Al termine della triennale, Catucci ha continuato ad approfondire la tematica sviluppata all’interno della tesi poc’anzi presentata attraverso un Master di I livello in “Organizzazione & Human Resources Management” denominato MAHRM. Master conseguito presso la “LUM School of Management” il 9 dicembre di quest’anno in modalità “distance”: «Il master e la tesi hanno un collegamento naturale. Dopo un background di 8 anni, tra scuola secondaria e università, completamente incentrati su studi ad indirizzo economico, ho avuto la possibilità - tramite l’argomento di tesi triennale - di affacciarmi e poter aumentare il mio bagaglio culturale su una tematica tanto interessante quanto fondamentale come quella delle persone in azienda.
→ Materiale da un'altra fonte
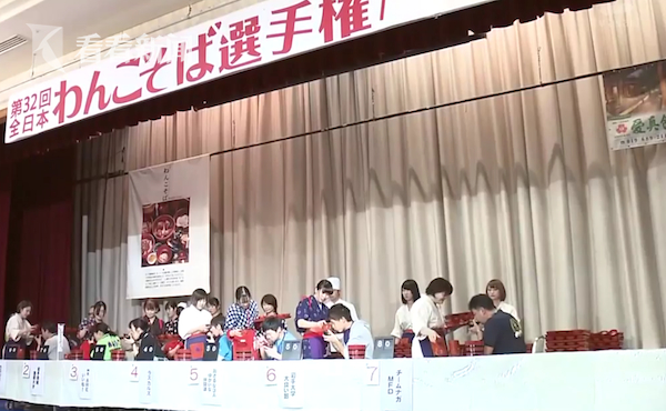 11月12日,岩手县举办第32届“全日本一口荞麦面锦标赛”。此次的参赛者中,除了四连霸的大叔井本英明以外,最令人注目的,就是首次参赛的小原尚子。她的外型苗条,完全不像会来参加大胃王比赛的人,但却在比赛一开始就发挥惊人“食力”,轻松飙破200碗,占据领先位置。

È da lì che ho sentito la necessità di intraprendere questo percorso di Master, affascinato da come differenti modi di approccio e supporto alle persone influenzino i risultati che una qualsiasi organizzazione può conseguire. In un anno di Master ho approfondito le diverse sfaccettature della gestione delle persone, dalla selezione alla formazione, dall'amministrazione tecnica del personale alle metodologie Lean nella coordinazione e nello sviluppo delle organizzazioni e delle risorse impiegate; sulla base di questo apprendimento, ho quindi sviluppato un project work, discusso nella seduta finale, sulla metodologia delle “3P” in ambito valutativo».

IL FUTURO DEL DOTT. CATUCCI

«Ciò che posso attualmente dire per il mio futuro è che non è finita qui. Da settembre di quest’anno ho iniziato il percorso di studi magistrale in Economia e Management, iscrizione perfezionata al termine del Master. Sicuramente ciò che mi auguro per gli anni a venire è di poter applicare sul campo le conoscenze apprese in questi anni di studio nonché di crescita personale. L’auspicio, inoltre, è di poter contribuire, con gli studi effettuati ed intrapresi, allo sviluppo del nostro territorio insieme anche ai miei coetanei, consapevole che il nostro paese è ricco di menti eccellenti».

L’IMPATTO DEL COVID

«Concludendo un po’ tutto il discorso fin qui fatto è da sottolineare come la situazione pandemica che attualmente stiamo vivendo abbia influito sul percorso del Master. Lo stesso, avendo la durata di un anno ed essendo fondamentalmente un percorso che permette di apprendere nozioni meno teoriche ma più pratiche, ne ha risentito e non poco. Da fine novembre - quando ho iniziato a seguire le lezioni del Master a Trani - fino al 28 febbraio, ho seguito le tradizionali lezioni in presenza; da marzo, purtroppo, per note ragioni si è interrotta la frequenza. Nelle prime settimane di emergenza nazionale siamo stati fermi nelle lezioni come penso un po’ tutte le attività didattiche e accademiche, per poi riprendere a seguire in modalità distance a metà aprile. Ovviamente, a mio parere la fruizione di lezioni mediante uno schermo non è per niente paragonabile alla lezione tradizionale: nonostante questo, grazie alla tecnologia da molti odiata, abbiamo avuto la possibilità di portare a termine il percorso».

I RINGRAZIAMENTI

«Per quanto riguarda i ringraziamenti, non posso che rivolgerli alla mia famiglia che mi ha sempre supportato ed incoraggiato nel perseguire i miei obbiettivi. Ringrazio Maria Vita, la mia ragazza, per aver camminato sempre al mio fianco e ringrazio tutti i miei amici per non aver fatto mai mancare la loro presenza anche quando la mia era subordinata allo studio. Inoltre vorrei anche ringraziare l’azienda Navita s.r.l. per la loro disponibilità e per la possibilità concessami».